How to Find Orphan Pages on a Website

How to Find Orphan Pages on a Website

Orphan pages are web pages on your site that lack internal links pointing to them, making them inaccessible through normal navigation or crawling. These pages can harm your SEO, as search engines may not index them, and they can frustrate users who can’t find valuable content.
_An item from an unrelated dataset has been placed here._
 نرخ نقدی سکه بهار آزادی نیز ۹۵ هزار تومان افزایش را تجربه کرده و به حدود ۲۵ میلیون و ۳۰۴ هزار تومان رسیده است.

Identifying and fixing them is crucial for a well-connected website.

If you are not sure about what orphan pages are or how they are going to affect your SEO, make sure to visit our other blog first by clicking here.

Now if you are confident with what orphan pages are, let’s dive deep into how to find orphan pages on a website like a pro.
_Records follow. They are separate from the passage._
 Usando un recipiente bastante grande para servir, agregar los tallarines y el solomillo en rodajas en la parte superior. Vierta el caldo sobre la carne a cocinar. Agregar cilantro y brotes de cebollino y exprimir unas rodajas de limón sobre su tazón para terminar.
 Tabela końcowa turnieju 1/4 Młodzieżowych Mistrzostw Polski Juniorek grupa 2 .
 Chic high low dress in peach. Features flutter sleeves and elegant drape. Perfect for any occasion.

Tools for Identifying Orphan Pages

To pinpoint orphan pages effectively, you’ll need specialized tools designed to analyze your website’s structure and connectivity. Here are some of the most effective tools, along with details on how they help and examples of their use:

  • Website Crawlers: Tools like Screaming Frog SEO Spider, Ahrefs, and SEMrush are essential for mapping your site’s structure. They crawl your website, mimicking search engine bots, and generate reports on all pages, including those not linked internally. For example, Screaming Frog’s “Orphan URLs” report highlights pages that exist on your server but aren’t linked from any other page. You can export this list to prioritize fixes.
  • Sitemap Generators: Tools like XML-Sitemaps.com or the sitemap feature in Yoast SEO create comprehensive sitemaps of your site. By comparing the sitemap to the pages found during a crawl, you can identify discrepancies. For instance, if a page appears in your server’s file structure but not in the sitemap or crawl, it’s likely an orphan.
  • Analytics Analytics Platforms: Google Analytics and Google Search Console can reveal pages that receive no traffic or impressions, which may indicate orphan status. For example, in Google Analytics, navigate to Behavior > Site Content > All Pages and filter for pages with zero sessions. Cross-reference these with your crawl data to confirm if they’re unlinked.
  • Server Log Analyzers: Tools like Loggly or Splunk analyze server logs to show which pages are accessed by users or bots. Pages that never appear in logs, despite existing on the server, are potential orphans. For example, a blog post from an old campaign might exist but receive no requests, signaling it’s disconnected.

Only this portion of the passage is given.